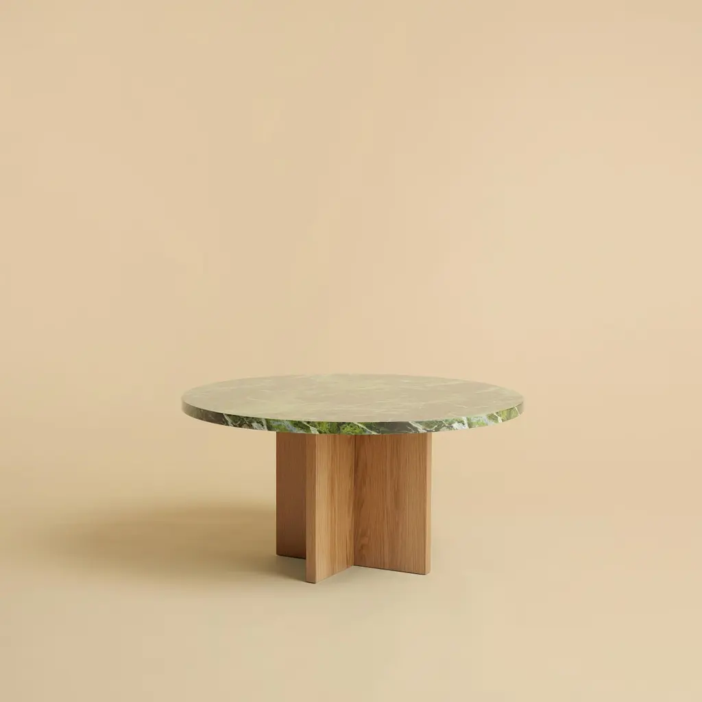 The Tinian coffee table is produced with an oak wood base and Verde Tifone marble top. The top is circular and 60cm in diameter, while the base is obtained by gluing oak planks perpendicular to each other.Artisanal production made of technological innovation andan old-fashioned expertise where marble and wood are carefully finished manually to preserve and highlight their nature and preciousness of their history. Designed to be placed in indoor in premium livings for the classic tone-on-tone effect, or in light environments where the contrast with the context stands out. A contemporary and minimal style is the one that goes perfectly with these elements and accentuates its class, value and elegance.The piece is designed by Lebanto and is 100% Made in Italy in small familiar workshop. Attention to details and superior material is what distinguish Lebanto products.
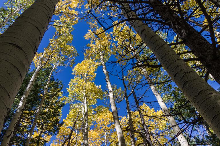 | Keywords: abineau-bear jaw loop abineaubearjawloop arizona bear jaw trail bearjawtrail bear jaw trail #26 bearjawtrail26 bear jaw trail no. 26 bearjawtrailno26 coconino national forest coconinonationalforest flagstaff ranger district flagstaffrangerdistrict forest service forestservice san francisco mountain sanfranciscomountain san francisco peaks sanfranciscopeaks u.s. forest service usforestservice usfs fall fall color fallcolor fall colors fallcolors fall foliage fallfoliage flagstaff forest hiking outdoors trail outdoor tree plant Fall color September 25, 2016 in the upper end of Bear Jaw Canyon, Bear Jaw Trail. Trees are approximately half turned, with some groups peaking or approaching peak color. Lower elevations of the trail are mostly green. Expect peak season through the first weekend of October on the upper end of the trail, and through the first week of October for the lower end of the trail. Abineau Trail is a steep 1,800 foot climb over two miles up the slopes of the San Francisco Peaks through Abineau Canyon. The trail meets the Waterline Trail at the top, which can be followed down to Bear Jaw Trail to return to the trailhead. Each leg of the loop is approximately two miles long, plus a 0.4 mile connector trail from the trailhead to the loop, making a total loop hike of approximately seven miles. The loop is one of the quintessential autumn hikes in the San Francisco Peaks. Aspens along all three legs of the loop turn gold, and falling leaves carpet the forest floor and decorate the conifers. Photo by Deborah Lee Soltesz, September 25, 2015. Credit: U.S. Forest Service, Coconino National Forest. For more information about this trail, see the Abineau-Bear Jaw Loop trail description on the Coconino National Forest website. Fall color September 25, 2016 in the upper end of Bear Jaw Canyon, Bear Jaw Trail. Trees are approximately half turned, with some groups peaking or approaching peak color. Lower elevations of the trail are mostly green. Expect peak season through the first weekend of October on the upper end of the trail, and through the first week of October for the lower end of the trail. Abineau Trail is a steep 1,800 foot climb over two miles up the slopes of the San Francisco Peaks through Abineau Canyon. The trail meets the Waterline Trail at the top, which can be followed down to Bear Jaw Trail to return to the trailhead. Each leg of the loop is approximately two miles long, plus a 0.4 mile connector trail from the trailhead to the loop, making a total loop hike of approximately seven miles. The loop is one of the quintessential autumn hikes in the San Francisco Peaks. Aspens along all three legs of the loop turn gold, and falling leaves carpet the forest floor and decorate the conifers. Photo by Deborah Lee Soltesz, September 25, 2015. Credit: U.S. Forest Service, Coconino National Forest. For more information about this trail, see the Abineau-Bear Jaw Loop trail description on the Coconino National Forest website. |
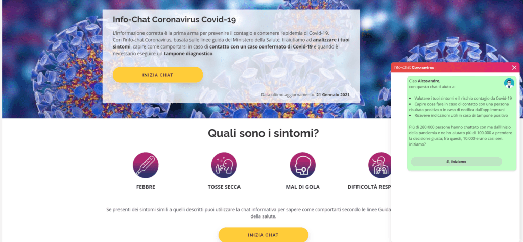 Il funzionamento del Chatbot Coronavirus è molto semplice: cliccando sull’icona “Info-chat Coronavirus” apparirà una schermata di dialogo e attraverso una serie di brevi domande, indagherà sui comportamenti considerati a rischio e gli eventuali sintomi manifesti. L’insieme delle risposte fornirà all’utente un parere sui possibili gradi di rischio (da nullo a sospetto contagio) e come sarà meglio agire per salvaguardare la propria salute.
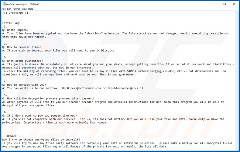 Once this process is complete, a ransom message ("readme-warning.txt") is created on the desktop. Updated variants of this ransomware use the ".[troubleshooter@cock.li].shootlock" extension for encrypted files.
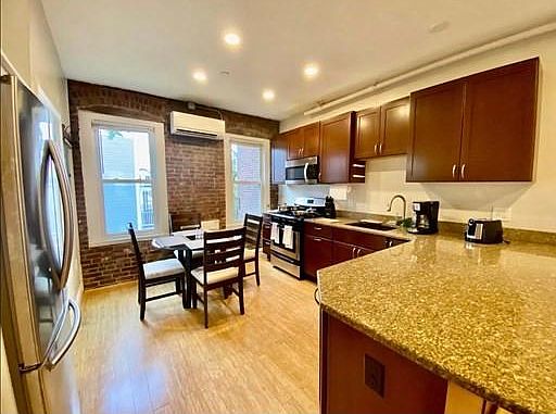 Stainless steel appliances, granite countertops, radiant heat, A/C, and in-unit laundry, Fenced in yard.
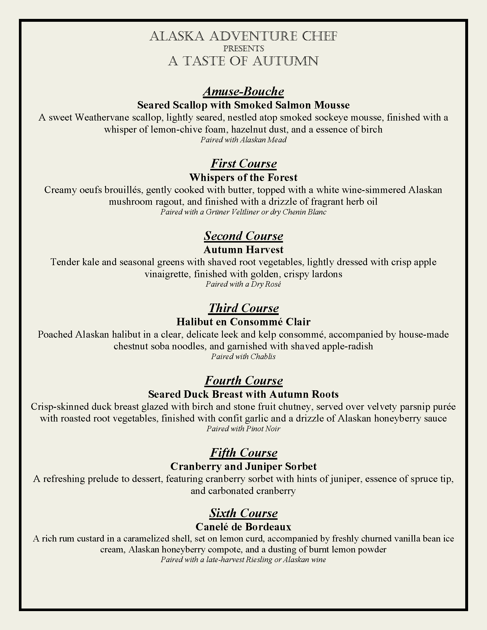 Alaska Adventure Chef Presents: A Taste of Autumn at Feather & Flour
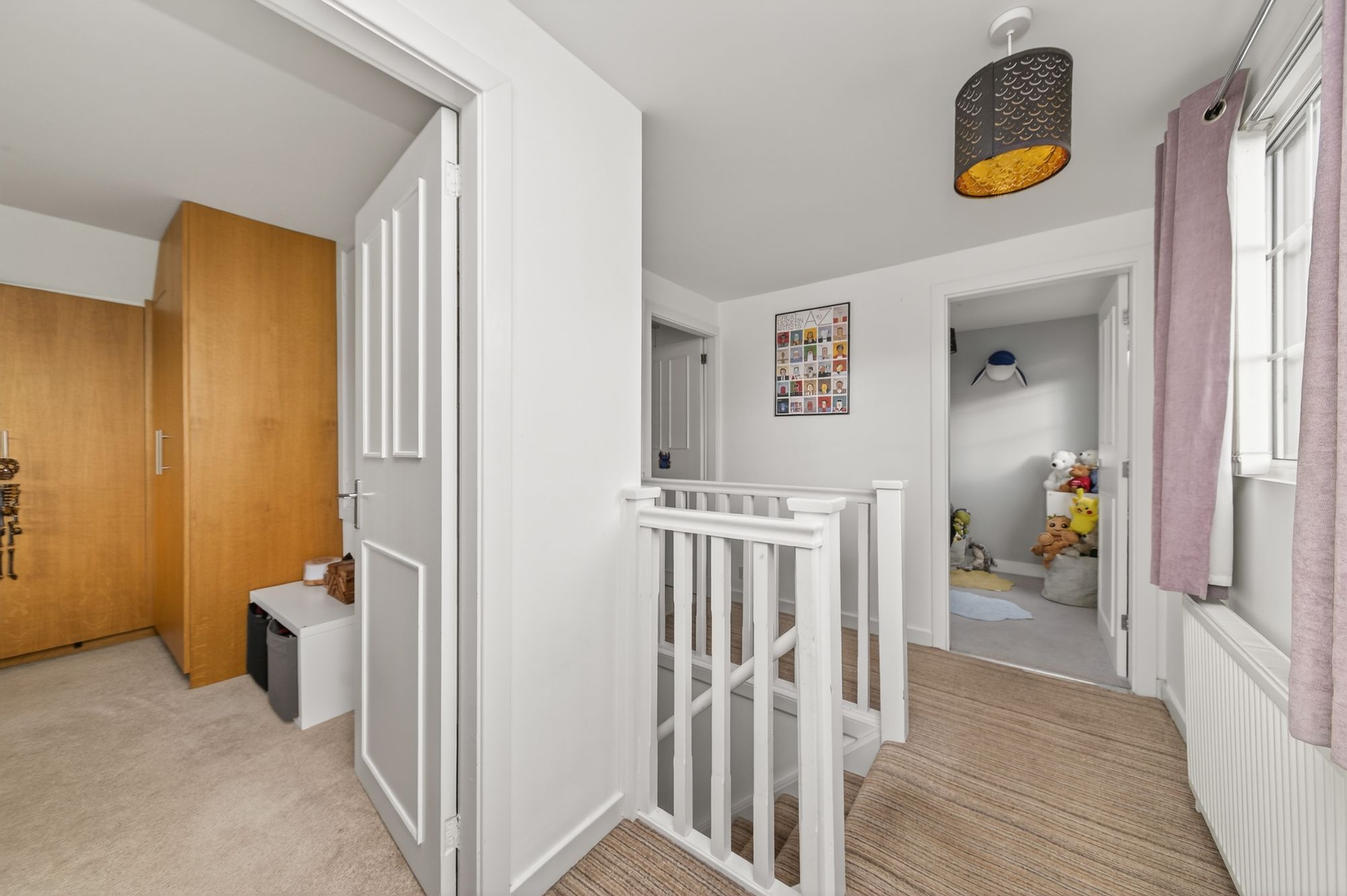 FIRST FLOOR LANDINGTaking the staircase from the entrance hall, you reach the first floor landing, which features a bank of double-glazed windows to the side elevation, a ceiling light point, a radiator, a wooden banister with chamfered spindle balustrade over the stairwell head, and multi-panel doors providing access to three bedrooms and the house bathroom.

* * *

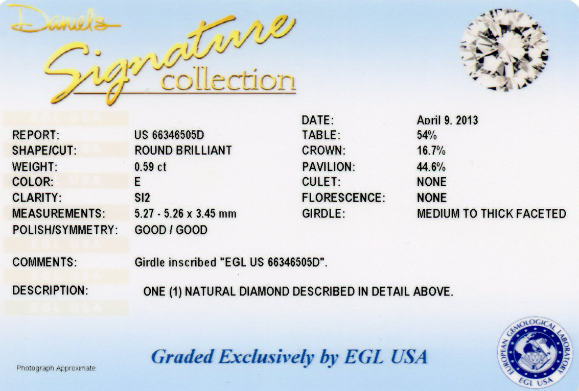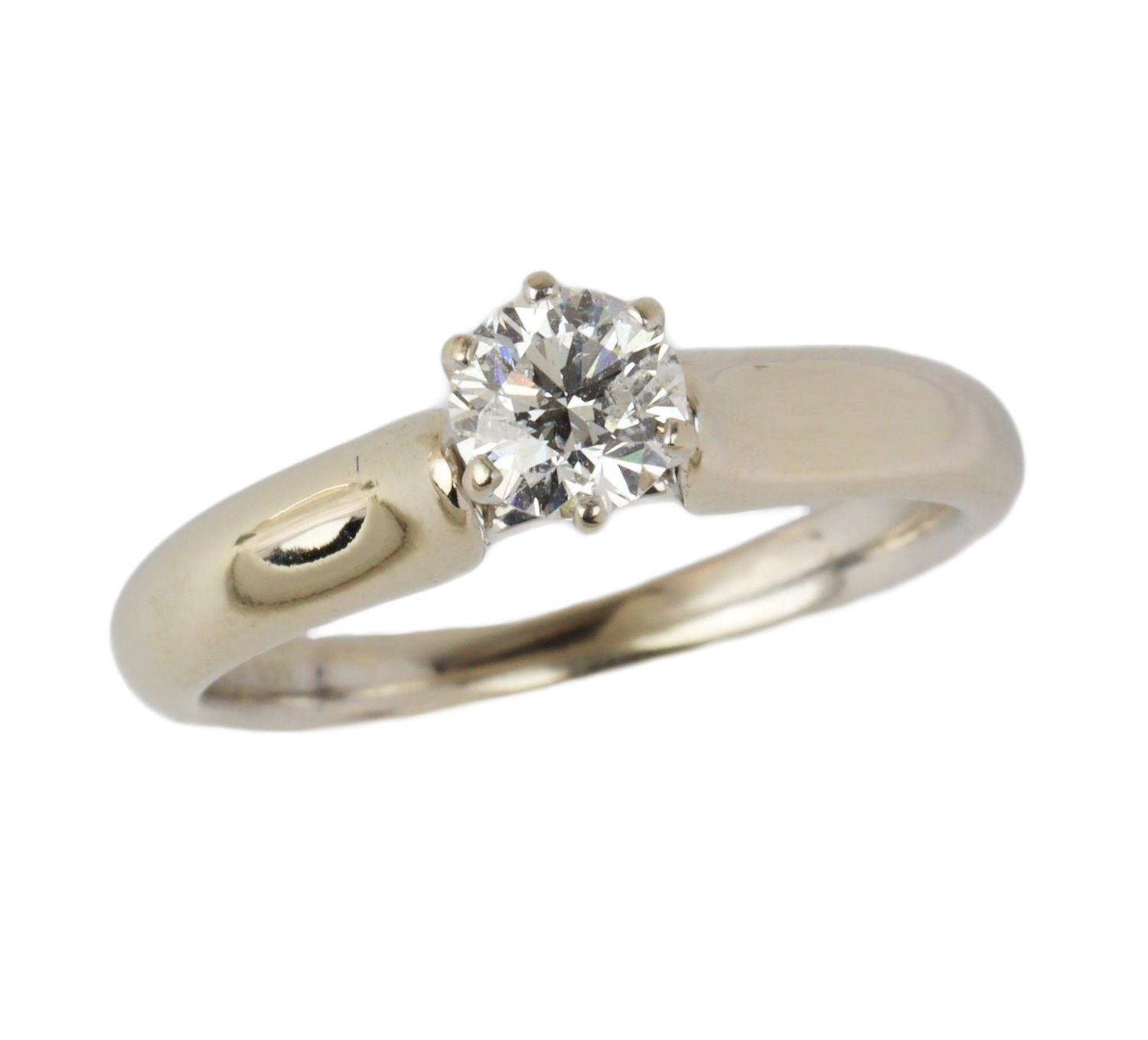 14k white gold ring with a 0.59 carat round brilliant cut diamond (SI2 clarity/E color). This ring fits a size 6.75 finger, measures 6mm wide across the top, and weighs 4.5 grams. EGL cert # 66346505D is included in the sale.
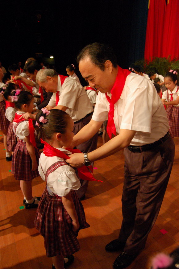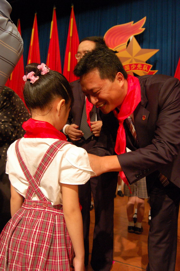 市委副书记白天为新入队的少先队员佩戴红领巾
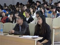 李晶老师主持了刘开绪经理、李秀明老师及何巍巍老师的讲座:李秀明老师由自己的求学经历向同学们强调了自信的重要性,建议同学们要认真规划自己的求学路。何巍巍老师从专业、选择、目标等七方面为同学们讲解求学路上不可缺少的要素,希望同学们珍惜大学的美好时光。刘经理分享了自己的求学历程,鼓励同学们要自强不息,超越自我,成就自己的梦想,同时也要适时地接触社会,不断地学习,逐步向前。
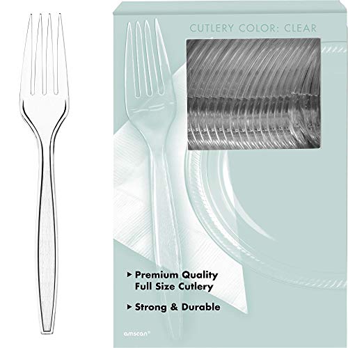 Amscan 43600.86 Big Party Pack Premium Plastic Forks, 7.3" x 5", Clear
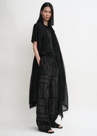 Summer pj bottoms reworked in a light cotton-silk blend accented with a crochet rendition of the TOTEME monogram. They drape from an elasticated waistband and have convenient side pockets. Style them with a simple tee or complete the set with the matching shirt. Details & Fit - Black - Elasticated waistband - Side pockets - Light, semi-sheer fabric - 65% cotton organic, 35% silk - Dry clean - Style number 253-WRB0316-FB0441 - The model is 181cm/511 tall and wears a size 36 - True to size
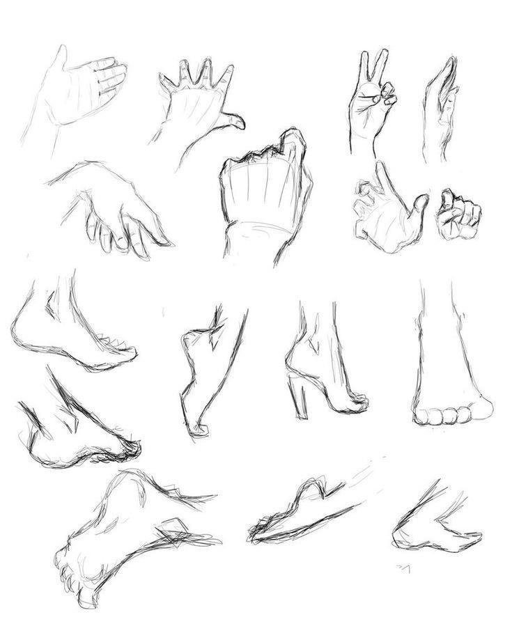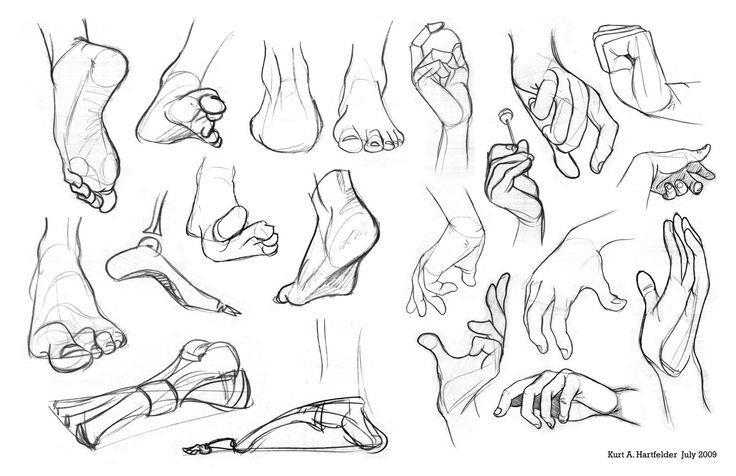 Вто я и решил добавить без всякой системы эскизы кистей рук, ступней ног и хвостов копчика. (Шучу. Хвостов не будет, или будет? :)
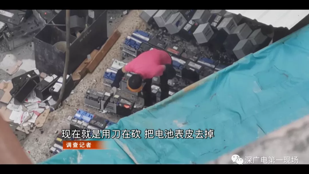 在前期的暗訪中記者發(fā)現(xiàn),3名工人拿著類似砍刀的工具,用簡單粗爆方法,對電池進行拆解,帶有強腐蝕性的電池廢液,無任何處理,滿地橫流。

...

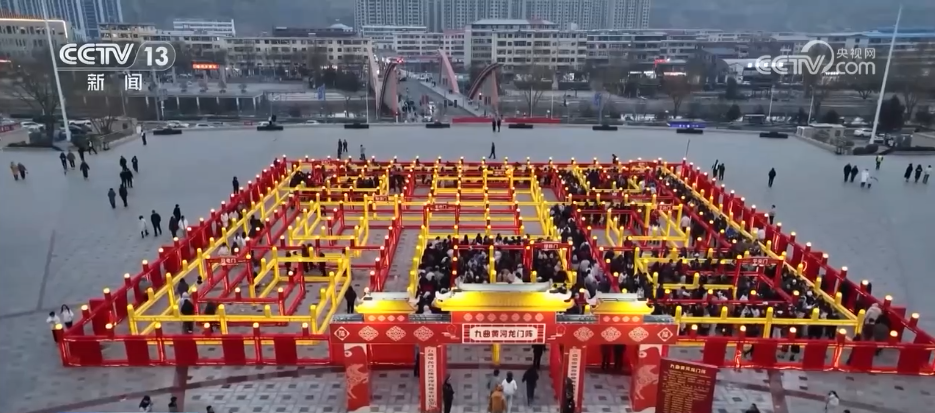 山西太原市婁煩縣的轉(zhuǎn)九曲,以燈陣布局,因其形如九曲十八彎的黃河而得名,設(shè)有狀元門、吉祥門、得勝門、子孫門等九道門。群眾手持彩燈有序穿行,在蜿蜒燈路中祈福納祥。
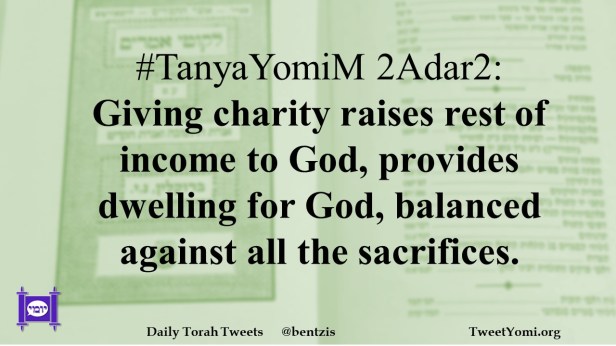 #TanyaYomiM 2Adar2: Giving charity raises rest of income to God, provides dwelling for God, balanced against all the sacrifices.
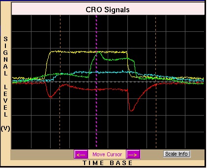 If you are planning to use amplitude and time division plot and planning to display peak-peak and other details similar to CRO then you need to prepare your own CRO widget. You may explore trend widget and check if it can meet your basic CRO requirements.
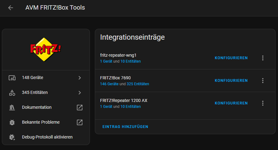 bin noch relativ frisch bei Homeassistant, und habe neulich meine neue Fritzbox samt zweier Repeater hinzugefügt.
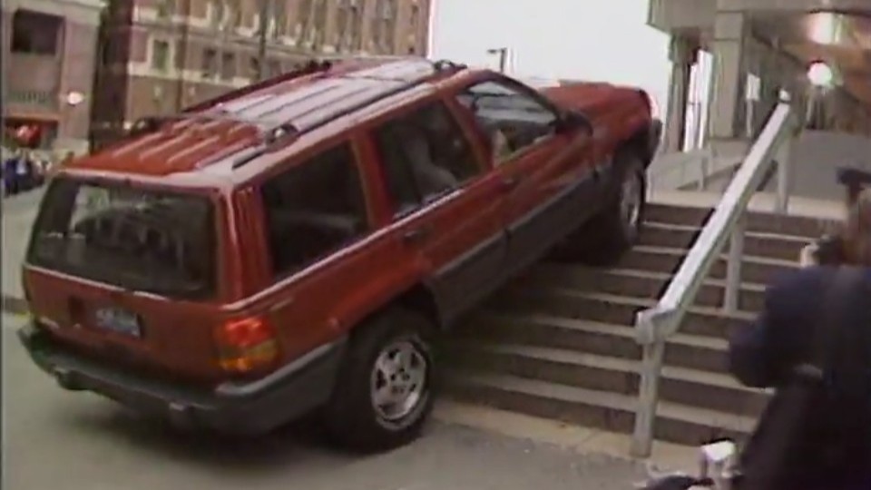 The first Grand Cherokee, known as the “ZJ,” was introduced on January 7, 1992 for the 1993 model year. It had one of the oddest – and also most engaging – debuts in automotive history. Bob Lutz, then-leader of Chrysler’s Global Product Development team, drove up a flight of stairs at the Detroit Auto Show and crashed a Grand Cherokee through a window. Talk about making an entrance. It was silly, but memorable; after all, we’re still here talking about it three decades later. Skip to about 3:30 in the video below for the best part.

Task: Copy out the lines above from the line containing "Amscan 43600.86 Big" through the line containing "在前期的暗訪中記者發(fā)", exactly, and keep the pictures out.

Written answer:
 Amscan 43600.86 Big Party Pack Premium Plastic Forks, 7.3" x 5", Clear
 Summer pj bottoms reworked in a light cotton-silk blend accented with a crochet rendition of the TOTEME monogram. They drape from an elasticated waistband and have convenient side pockets. Style them with a simple tee or complete the set with the matching shirt. Details & Fit - Black - Elasticated waistband - Side pockets - Light, semi-sheer fabric - 65% cotton organic, 35% silk - Dry clean - Style number 253-WRB0316-FB0441 - The model is 181cm/511 tall and wears a size 36 - True to size
 Вто я и решил добавить без всякой системы эскизы кистей рук, ступней ног и хвостов копчика. (Шучу. Хвостов не будет, или будет? :)
 在前期的暗訪中記者發(fā)現(xiàn),3名工人拿著類似砍刀的工具,用簡單粗爆方法,對電池進行拆解,帶有強腐蝕性的電池廢液,無任何處理,滿地橫流。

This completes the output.